Show that the equation $4x^2 + 4 xy + y^2 - 6x - 3y - 4 = 0$ represents a pair of parallel lines. Find the distance between them.
Comparing the given equation $\;$ $4x^2 + 4 xy + y^2 - 6x - 3y - 4 = 0$ $\;\;\; \cdots \; (1)$
with the standard equation $\;$ $ax^2 + 2 hxy + by^2 + 2 gx + 2 fy + c = 0$ $\;\;\; \cdots \; (2)$ $\;$ gives
$\begin{aligned}
a = 4, & \hspace{1em} 2 f = -3 \implies f = \dfrac{-3}{2} \\\\
b = 1, & \hspace{1em} 2 g = -6 \implies g = -3 \\\\
c = -4, & \hspace{1em} 2 h = 4 \implies h = 2
\end{aligned}$
Two straight lines represented by the standard equation $(2)$ are parallel if $\;\;$ $af^2 = bg^2$
Now, $a f^2 = 4 \times \left(\dfrac{-3}{2}\right)^2 = 9$ $\;\;\; \cdots \; (3a)$
and $bg^2 = 1 \times \left(-3\right)^2 = 9$ $\;\;\; \cdots \; (3b)$
$\therefore$ $\;$ We have from equations $(3a)$ and $(3b)$ $\;$ $af^2 = bg^2$
$\implies$ Equation $(1)$ represents a pair of parallel lines.
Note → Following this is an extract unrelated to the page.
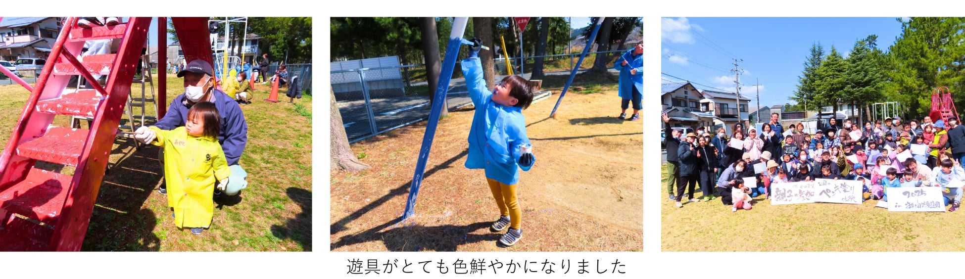参加した保護者の方からは、「普段できないペンキ塗りを親子で体験できて、子どもも夢中になって取り組んでいました。『ここ、自分が塗ったんだよ!』と自慢げに話してくれる姿が印象的でした」「スタッフの皆さんがとても親切で、子どもにも優しく声をかけてくれてありがたかったです」「遊具を自分の手でキレイにすることで、『誰かが手入れしてくれているんだ』という気づきがあったようです。遊具を見る目が変わった気がします」「家ではなかなかできない“汚れる体験”ができて、子どもたちは大満足!またぜひ参加したいという声が多く、親としてもうれしかったです」と感想を頂きました。

Distance between the pair of parallel lines $= d = 2 \times \sqrt{\dfrac{g^2 - ac}{a \left(a + b\right)}}$
i.e. $d = 2 \times \sqrt{\dfrac{\left(-3\right)^2 - 4 \times \left(-4\right)}{4 \left(4 + 1\right)}} = 2 \times \sqrt{\dfrac{9 + 16}{4 \times 5}} = \sqrt{5}$
$\therefore$ $\;$ Distance between the pair of parallel lines represented by equation $(1)$ is $d = \sqrt{5}$ units.